For an 1D dataset, zero-scaling is trivial to perform as the code snippet below demonstrates.

```python
import numpy as np

x = [float(i) for i in range (1, 50)]
mean = np.mean(x)
x = [i - mean for i in x]
```

**$z-score$**

$z-score$ or standard scaling  scales the data points such that they have a mean of 0 and a variance of 1, allowing for negative values.
z-score standardization ensures that outliers are handled more properly but will not guarantee that the data will end up on the exact same scale. Normally, we will standardize the data independently across each feature of the data array. The benefit of doing so is that we can see how many standard deviations a particular observation’s feature value is from the mean.

```python
import numpy as np
from sklearn.preprocessing import StandardScaler

np.random.seed(42)

size = 300
mu = [1.0, 1.0]
cov_mat = [[2.0, 0.0],[0.0, 0.8]]
X = np.random.multivariate_normal(mean=mu, cov=cov_mat, size=size)

ss = StandardScaler()
X_ss = ss.fit_transform(X)

x_ss=[]
y_ss=[]

for point in X_ss:
    x_ss.append(point[0])
    y_ss.append(point[1])

plt.scatter(x_ss, y_ss)
plt.title("Standard scaler data")
plt.axhline(0.0, color='r', linestyle='--')
plt.axvline(0.0, color='r', linestyle='--')
plt.show()
```

**Min-Max scaling**

Min-max standardization scales values in a feature to be between 0 and 1. However, with sklearn we have more freedom with this.
Min-max standardization has a harder time dealing with outliers, so if our data have many outliers, it is generally better to stick with z-score standardization. The following snippet shows how to perform Min-Max scaling with scikit-learn.

```python
import numpy as np
from sklearn.preprocessing import MinMaxScaler

np.random.seed(42)

size = 300
mu = [1.0, 1.0]
cov_mat = [[2.0, 0.0],[0.0, 0.8]]
X = np.random.multivariate_normal(mean=mu, cov=cov_mat, size=size)

ss = MinMaxScaler(feature_range=(-1, 1))
X_mm = ss.fit_transform(X)

x_mm=[]
y_mm=[]

for point in X_mm:
    x_mm.append(point[0])
    y_mm.append(point[1])

plt.scatter(x_mm, y_mm)
plt.title("Min-Max scaler data")
plt.axhline(0.0, color='r', linestyle='--')
plt.axvline(0.0, color='r', linestyle='--')
plt.show()
```

**Range scaling**

The ```MinMaxScaler``` can also be used to perform range scaling or range compression.

$$$$

**Robust scaling**

Very often the data we are dealing with contain outliers. Frequently outliers can skew the results of a modeling effort and thus invalidate it.
Outliers should in general be handled with care and thought as simply dropping these may also invalidate your modeling approach.
In general terms, an outlier is a data point that is significantly further away from the other data points. How further away
this depends on the application.

The data scaling methods from the previous two chapters are both affected by outliers. Data standardization uses each feature's mean and standard deviation, while ranged scaling uses the maximum and minimum feature values, meaning that they're both susceptible to being skewed by outlier values.
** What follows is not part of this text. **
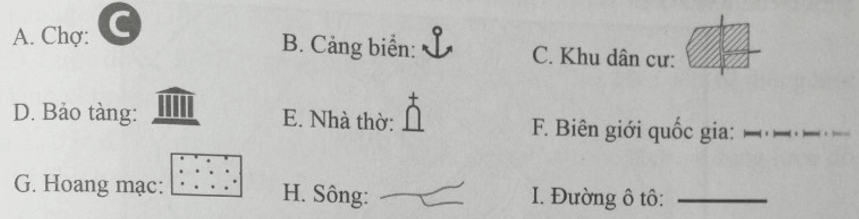 Câu 7 trang 51 sách bài tập Địa Lí lớp 6: Cho các kí hiệu sau:

We can robustly scale the data, i.e. avoid being affected by outliers, by using use the data's median and Interquartile Range (IQR). Since the median and IQR are percentile measurements of the data (50% for median, 25% to 75% for the IQR), they are not affected by outliers. For the scaling method, we just subtract the median from each data value then scale to the IQR.
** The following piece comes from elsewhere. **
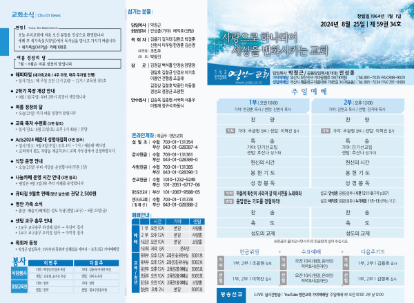 2024년 8월 25일 주보 (가야예배당) 페이지 정보 작성자 관리지기 작성일24-08-24 11:19 조회2,390회 댓글0건 관련링크 목록 본문 2024년 8월 25일 주보 (가야예배당) 댓글목록 등록된 댓글이 없습니다. 목록

In scikit-learn, we perform robust scaling with the ```RobustScaler``` class. It is another transformer object, with the same fit, transform, and fit_transform functions described in the previous chapter.


```python
import numpy as np
from sklearn.preprocessing import RobustScaler

np.random.seed(42)

size = 300
mu = [1.0, 1.0]
cov_mat = [[2.0, 0.0],[0.0, 0.8]]
X = np.random.multivariate_normal(mean=mu, cov=cov_mat, size=size)
rs = RobustScaler()
X_rs = rs.fit_transform(X)

x_rs=[]
y_rs=[]

for point in X_rs:
    x_rs.append(point[0])
    y_rs.append(point[1])

plt.scatter(x_rs, y_rs)
plt.title("Robust scaler scaler data")
plt.axhline(0.0, color='r', linestyle='--')
plt.axvline(0.0, color='r', linestyle='--')
plt.show()
```

### Data normalization

So far, each of the scaling techniques we've used has been applied to the data features (i.e. columns). However, in certain cases we want to scale the individual data observations (i.e. rows). For instance, when clustering data we need to apply L2 normalization to each row, in order to calculate cosine similarity scores.
L2 normalization applied to a particular row of a data array will divide each value in that row by the row's L2 norm. In general terms, the L2 norm of a row is just the square root of the sum of squared values for the row. The $L_2$ is defined as

$$L_2 = \sqrt{\sum_i x_{i}^{2}}$$



### Data imputation

The previous sections covered some methods we can use in order to scale the data. Scaling is important when we deal with features that have different scales.
However, often times data is missing from the presented dataset and we need methodologies so that consistently we deal with this problem.
In this section we will discuss such methodologies. Note that the techniques we will discuss are effective when the missing data is not too much.
The latter of course is subjective and depends on the application.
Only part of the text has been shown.